━━ AVAILABLE RECORDS
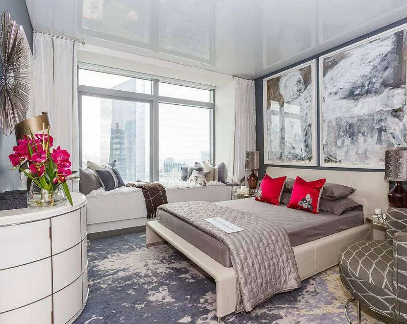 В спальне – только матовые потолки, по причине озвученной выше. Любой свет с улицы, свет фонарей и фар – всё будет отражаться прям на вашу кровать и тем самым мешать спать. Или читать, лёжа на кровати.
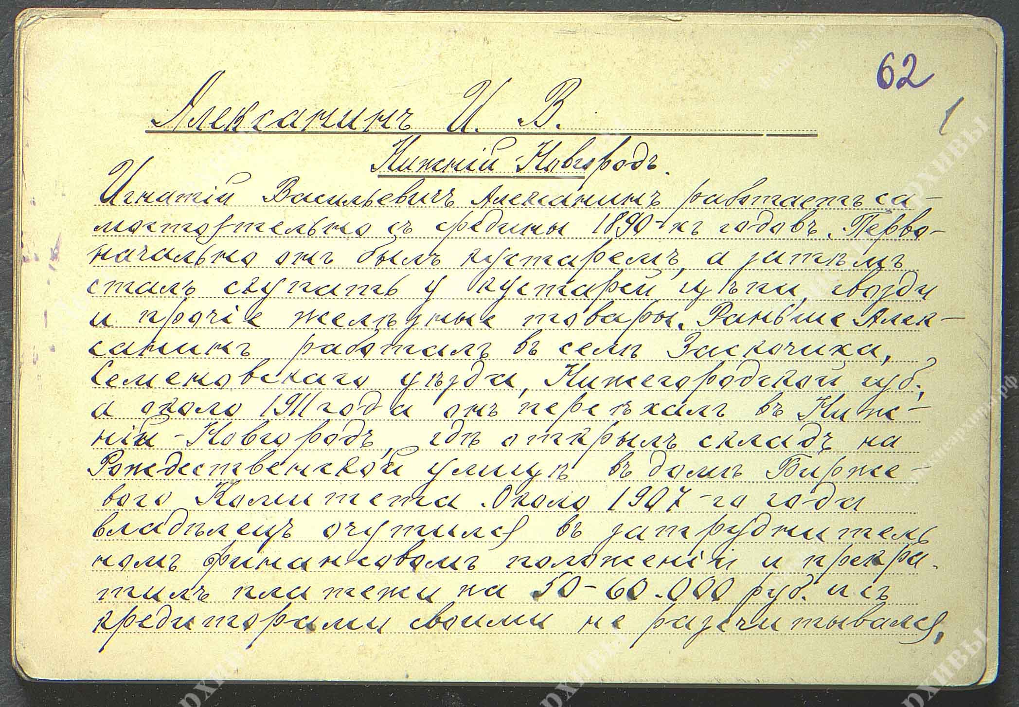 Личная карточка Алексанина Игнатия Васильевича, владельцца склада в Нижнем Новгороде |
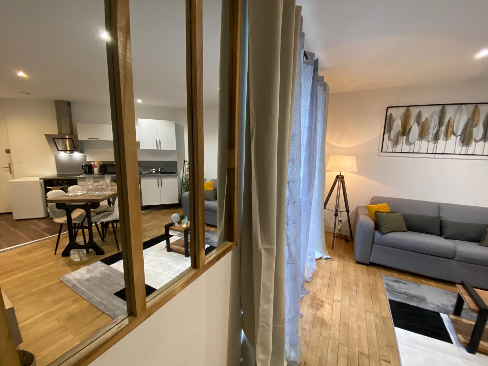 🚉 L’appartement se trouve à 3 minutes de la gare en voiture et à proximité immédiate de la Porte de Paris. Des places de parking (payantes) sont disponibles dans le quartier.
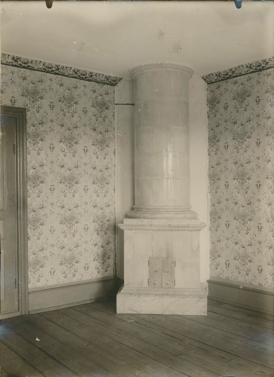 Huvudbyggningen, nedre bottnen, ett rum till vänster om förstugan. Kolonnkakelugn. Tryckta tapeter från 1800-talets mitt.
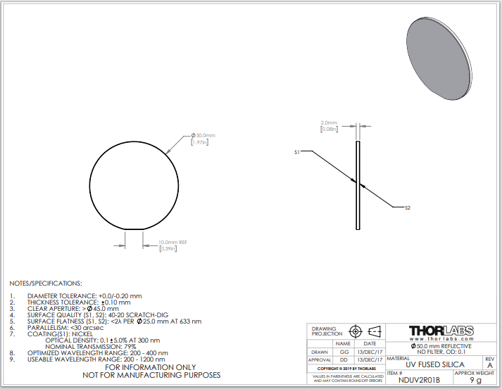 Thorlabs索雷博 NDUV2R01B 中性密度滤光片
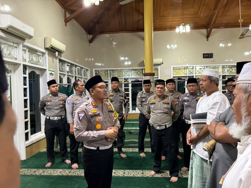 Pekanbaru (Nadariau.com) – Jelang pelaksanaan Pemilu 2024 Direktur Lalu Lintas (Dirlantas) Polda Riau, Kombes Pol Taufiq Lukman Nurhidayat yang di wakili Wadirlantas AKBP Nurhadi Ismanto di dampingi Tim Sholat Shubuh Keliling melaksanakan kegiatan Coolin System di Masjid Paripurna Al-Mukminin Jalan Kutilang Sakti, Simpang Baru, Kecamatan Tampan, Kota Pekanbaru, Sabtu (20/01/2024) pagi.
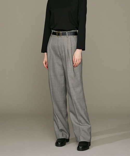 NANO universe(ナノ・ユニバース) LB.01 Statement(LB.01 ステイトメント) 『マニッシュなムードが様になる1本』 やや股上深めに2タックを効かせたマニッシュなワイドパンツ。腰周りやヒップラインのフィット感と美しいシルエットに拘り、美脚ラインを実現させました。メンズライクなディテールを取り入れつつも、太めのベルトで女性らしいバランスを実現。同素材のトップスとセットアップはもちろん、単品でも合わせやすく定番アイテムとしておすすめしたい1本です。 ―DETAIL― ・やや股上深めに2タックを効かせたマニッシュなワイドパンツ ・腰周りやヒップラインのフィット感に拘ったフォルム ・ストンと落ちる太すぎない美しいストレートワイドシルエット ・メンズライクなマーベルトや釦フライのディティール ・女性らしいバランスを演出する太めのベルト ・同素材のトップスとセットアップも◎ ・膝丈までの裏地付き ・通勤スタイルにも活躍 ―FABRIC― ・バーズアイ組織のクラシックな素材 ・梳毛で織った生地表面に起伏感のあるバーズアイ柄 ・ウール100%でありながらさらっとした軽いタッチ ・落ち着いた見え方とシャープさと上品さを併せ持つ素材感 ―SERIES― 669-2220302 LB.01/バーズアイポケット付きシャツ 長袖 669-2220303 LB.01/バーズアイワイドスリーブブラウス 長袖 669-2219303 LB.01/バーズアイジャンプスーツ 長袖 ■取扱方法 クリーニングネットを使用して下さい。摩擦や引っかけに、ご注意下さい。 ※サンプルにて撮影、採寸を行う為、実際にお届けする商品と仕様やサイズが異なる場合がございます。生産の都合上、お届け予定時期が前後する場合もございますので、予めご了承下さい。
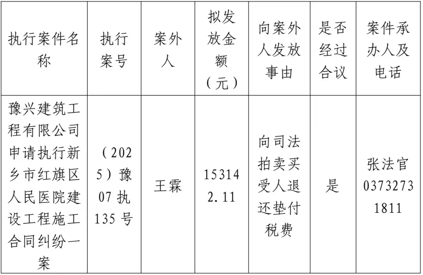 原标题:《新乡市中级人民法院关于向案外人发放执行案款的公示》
━━━━
● DESCRIPTION OF THE TASK
The data above should be returned in full, exactly as written, apart from its images.

● EXERCISE RESPONSE
 В спальне – только матовые потолки, по причине озвученной выше. Любой свет с улицы, свет фонарей и фар – всё будет отражаться прям на вашу кровать и тем самым мешать спать. Или читать, лёжа на кровати.
 Личная карточка Алексанина Игнатия Васильевича, владельцца склада в Нижнем Новгороде |
 🚉 L’appartement se trouve à 3 minutes de la gare en voiture et à proximité immédiate de la Porte de Paris. Des places de parking (payantes) sont disponibles dans le quartier.
 Huvudbyggningen, nedre bottnen, ett rum till vänster om förstugan. Kolonnkakelugn. Tryckta tapeter från 1800-talets mitt.
 Thorlabs索雷博 NDUV2R01B 中性密度滤光片
 Pekanbaru (Nadariau.com) – Jelang pelaksanaan Pemilu 2024 Direktur Lalu Lintas (Dirlantas) Polda Riau, Kombes Pol Taufiq Lukman Nurhidayat yang di wakili Wadirlantas AKBP Nurhadi Ismanto di dampingi Tim Sholat Shubuh Keliling melaksanakan kegiatan Coolin System di Masjid Paripurna Al-Mukminin Jalan Kutilang Sakti, Simpang Baru, Kecamatan Tampan, Kota Pekanbaru, Sabtu (20/01/2024) pagi.
 NANO universe(ナノ・ユニバース) LB.01 Statement(LB.01 ステイトメント) 『マニッシュなムードが様になる1本』 やや股上深めに2タックを効かせたマニッシュなワイドパンツ。腰周りやヒップラインのフィット感と美しいシルエットに拘り、美脚ラインを実現させました。メンズライクなディテールを取り入れつつも、太めのベルトで女性らしいバランスを実現。同素材のトップスとセットアップはもちろん、単品でも合わせやすく定番アイテムとしておすすめしたい1本です。 ―DETAIL― ・やや股上深めに2タックを効かせたマニッシュなワイドパンツ ・腰周りやヒップラインのフィット感に拘ったフォルム ・ストンと落ちる太すぎない美しいストレートワイドシルエット ・メンズライクなマーベルトや釦フライのディティール ・女性らしいバランスを演出する太めのベルト ・同素材のトップスとセットアップも◎ ・膝丈までの裏地付き ・通勤スタイルにも活躍 ―FABRIC― ・バーズアイ組織のクラシックな素材 ・梳毛で織った生地表面に起伏感のあるバーズアイ柄 ・ウール100%でありながらさらっとした軽いタッチ ・落ち着いた見え方とシャープさと上品さを併せ持つ素材感 ―SERIES― 669-2220302 LB.01/バーズアイポケット付きシャツ 長袖 669-2220303 LB.01/バーズアイワイドスリーブブラウス 長袖 669-2219303 LB.01/バーズアイジャンプスーツ 長袖 ■取扱方法 クリーニングネットを使用して下さい。摩擦や引っかけに、ご注意下さい。 ※サンプルにて撮影、採寸を行う為、実際にお届けする商品と仕様やサイズが異なる場合がございます。生産の都合上、お届け予定時期が前後する場合もございますので、予めご了承下さい。
 原标题:《新乡市中级人民法院关于向案外人发放执行案款的公示》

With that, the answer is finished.